### What you need to do
Retype only what runs from the beginning of the data through the line with "Trafaluc collection Zara"; please omit the pictures and keep every line exact.

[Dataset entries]
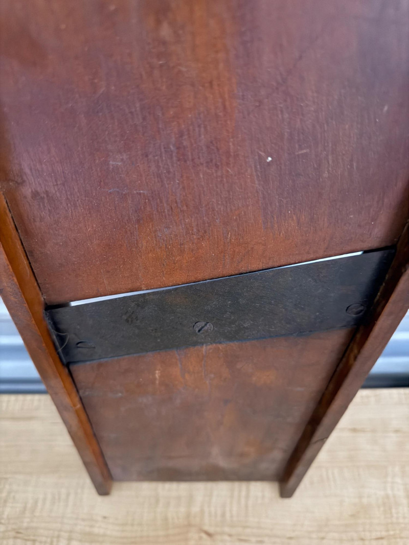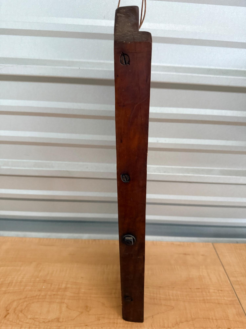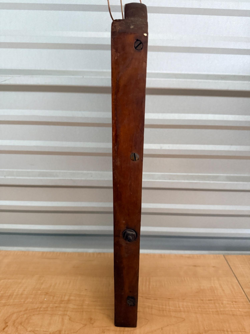 Vintage wooden mandolin slicer, commonly used as a kraut cutter or cabbage shredder. Features a wooden board with a diagonal metal blade. Crafted from wood with leather hanging straps and metal blades 7.25”x19.25”x1.5”
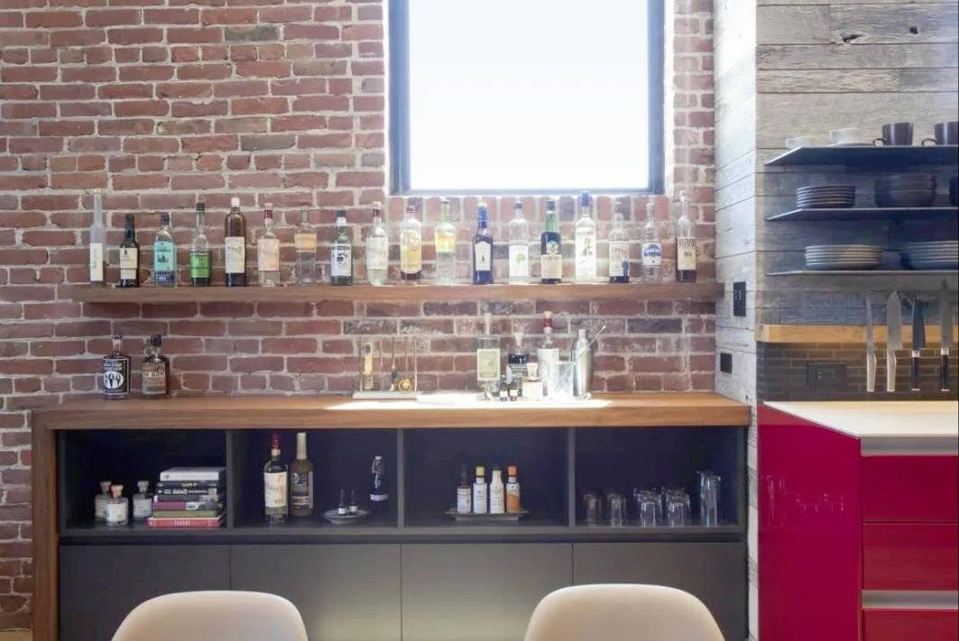 餐桌旁的餐边柜与橱柜紧密相连,无一丝缝隙,让强迫症患者也能放心。展示的酒瓶别具艺术感,给人以浓厚的文艺氛围。
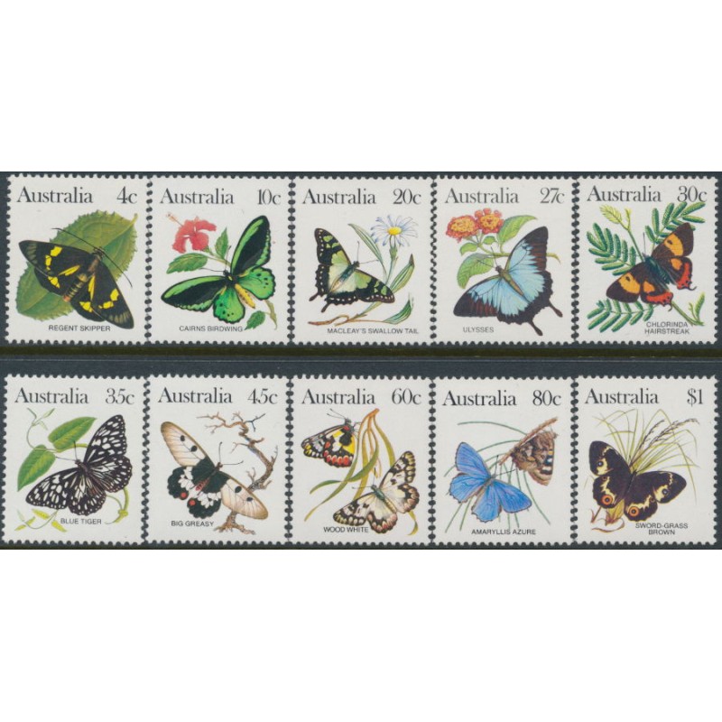 AUSTRALIA 1983 4c to $1 Butterflies set of 10, mint never hinged – no thins, tears or bends. SG Cat. # 783, 785, 787, 791, 792a, 793, 795, 798, 802, 806
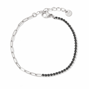 Le Bracelet Maillons LUMEN est un mariage audacieux de textures. Il combine la modernité structurée de la chaîne à maillons (paperclip) avec la brillance classique et délicate d'une ligne de micro-cristaux (micro-tennis). Ce contraste est la signature d'une élégance contemporaine.
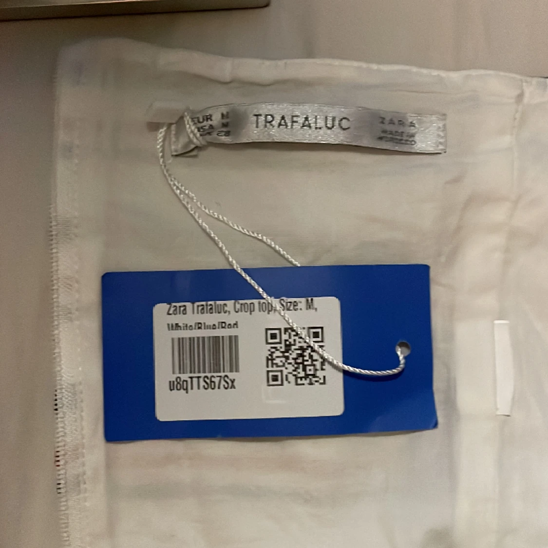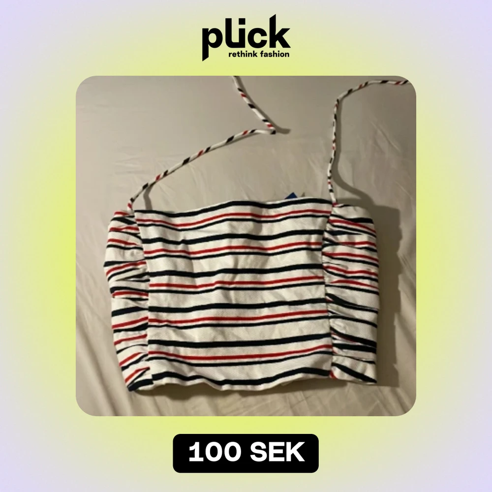 Trafaluc collection Zara top från Sellpy som aldrig anväds efter köp. Knytband i nacken. Vit med röda och blåa ränder
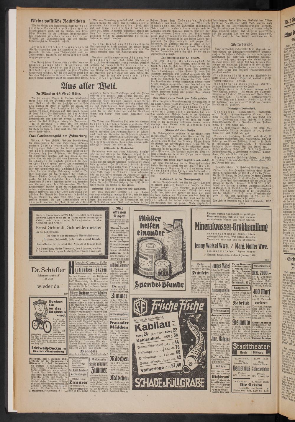 Hauptschriftleiter: Dr. Friedrich Wilhelm Lange. Stellvertreter des Hauptschristleiters: Ernst Blumschein. Verantwortlich für Politik und für die Bilder^ Dr. Fr. W. Lange; für Feuilleton: Dr. Hans Tyyriot; für den übrigen Teil: Ernst Blumschein. Anzeigenleiter: Hans Beck. Verantwortlich für den Inhalt der Anzeigen: Theodor Kümmel. D. 21. XI. 37: 10 780. Druck und Verlag: Brühlsche Universitätsdruckerei R. Lange, K.-G., sämtlich in Gießen. Monatsbezugs- preis RM. 2,05 einschließlich 25 Pf. Zustellgebühr, mit der Illustrierten 15 Pf. mehr. Einzelverkaufs- preis 10 Pf. und Samstags 15 Pf., mit der
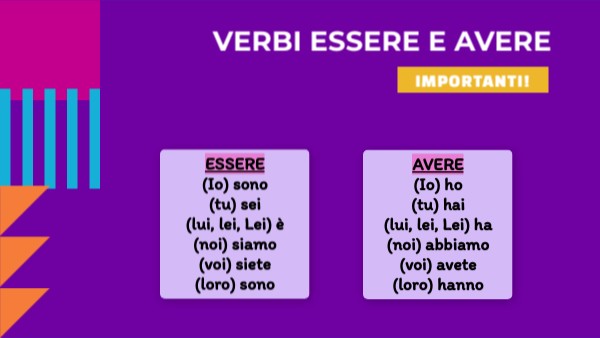 ESSERE (Io) sono (tu) sei (lui, lei, Lei) è (noi) siamo (voi) siete (loro) sono
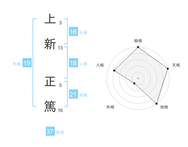 上新 正篤さんの総格は37画の5点!
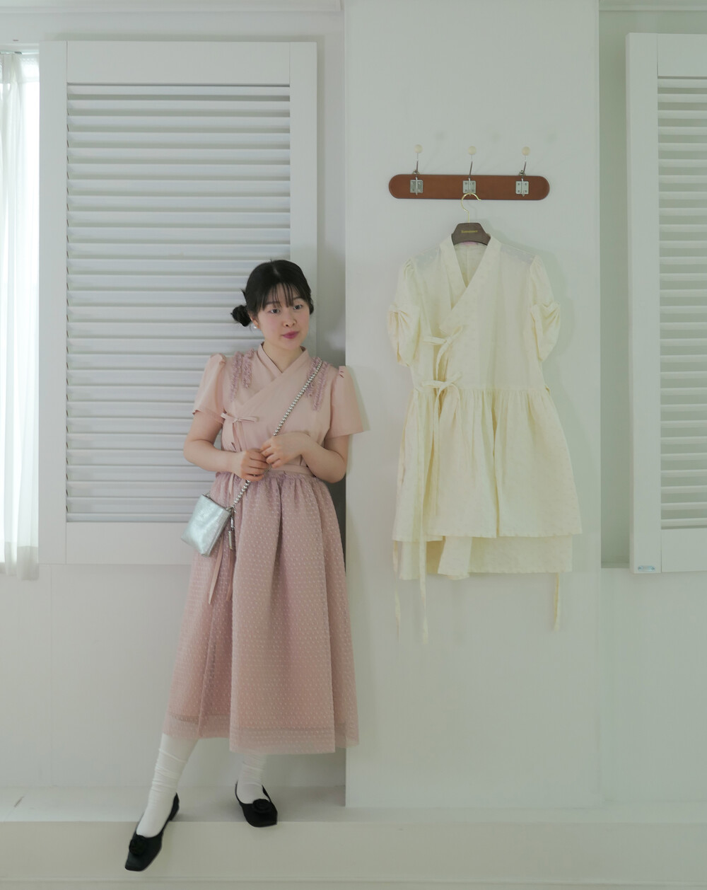 화사한 색감에 리본 자수 프릴 등 사랑스러운 디테일을 가득 넣어 레트로맨스만의 무드로

### Problem solution
 Vintage wooden mandolin slicer, commonly used as a kraut cutter or cabbage shredder. Features a wooden board with a diagonal metal blade. Crafted from wood with leather hanging straps and metal blades 7.25”x19.25”x1.5”
 餐桌旁的餐边柜与橱柜紧密相连,无一丝缝隙,让强迫症患者也能放心。展示的酒瓶别具艺术感,给人以浓厚的文艺氛围。
 AUSTRALIA 1983 4c to $1 Butterflies set of 10, mint never hinged – no thins, tears or bends. SG Cat. # 783, 785, 787, 791, 792a, 793, 795, 798, 802, 806
 Le Bracelet Maillons LUMEN est un mariage audacieux de textures. Il combine la modernité structurée de la chaîne à maillons (paperclip) avec la brillance classique et délicate d'une ligne de micro-cristaux (micro-tennis). Ce contraste est la signature d'une élégance contemporaine.
 Trafaluc collection Zara top från Sellpy som aldrig anväds efter köp. Knytband i nacken. Vit med röda och blåa ränder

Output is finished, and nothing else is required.